Had a chance to get out last night and try to fill my turkey tag......about a hour before dark 2 Toms came running in, and one left.......Mack


----------



## beervo2 (May 7, 2006)

Congrats, job well done!!!

Mike


----------



## k9wernet (Oct 15, 2007)

GREAT job!


----------



## Michigan Mike (May 21, 2004)

Awsome!
Way to go Mack!

mike


----------



## no thyme (Jun 25, 2009)

nice bird! spour size? looks like a 28in + fan!! awsome!!


----------



## boltaction (Dec 5, 2001)

Congrats, good looking bird.


----------



## WhiteTailHunter87 (Nov 29, 2008)

Congrats


----------



## Sam22 (Jan 22, 2003)

Beautiful bird! Great pic! I haven't fall turkey hunted in a long time, makes me wonder if I should do it again.


----------



## DEDGOOSE (Jan 19, 2007)

Nice bird Running into the call I presume


----------



## Firefighter (Feb 14, 2007)

Congrats Mack!!! Your bird looks like it must have been a fighter like the one I shot, as the center fan feathers have been knocked out and not grown fully back yet.

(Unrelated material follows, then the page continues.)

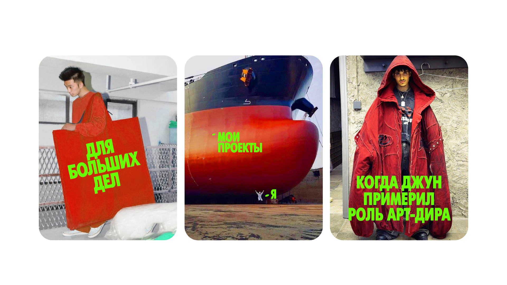 Был переосмыслен логотип, добавлены направления, создана визуальная система, построенная на основе цветов бренда с добавлением яркого зеленого акцента, символизируя молодых креаторов. В айдентике используются лаконичные шрифты, крупная типографика и резкие сетки, разработан фотостиль.Это подчеркивает идею масштаба, молодости, энергии и драйва.

Way to get it done in the fall!


----------



## CMRM (Jul 31, 2006)

Great bird, congrats!!


----------



## deersmasher95 (Nov 5, 2008)

nice tom hope i get a crack at one this year


----------



## Wally Gator (Sep 21, 2007)

Congrats on a big ol Tom Mac!!! Way to get it done with a bow!!!


----------



## Ack (Oct 3, 2004)

Nice bird Mack....congratulations! :coolgleam


----------



## 00Buckshot69 (Dec 30, 2007)

Nice Bird...Congrat's
Bucky


----------



## BWHUNTR (Oct 3, 2008)

*good way of putting it brm, 2 came running in and one left :lol:*
*Congrats on your bird!*


----------



## LoBrass (Oct 16, 2007)

Great job BRM!! 
I've got to do something about that tag burning a hole in my pocket!!


----------



## old graybeard (Jan 19, 2006)

Well done, Congrats!


----------



## FireDoc66 (Oct 9, 2005)

Very nice! Congrats to you!


----------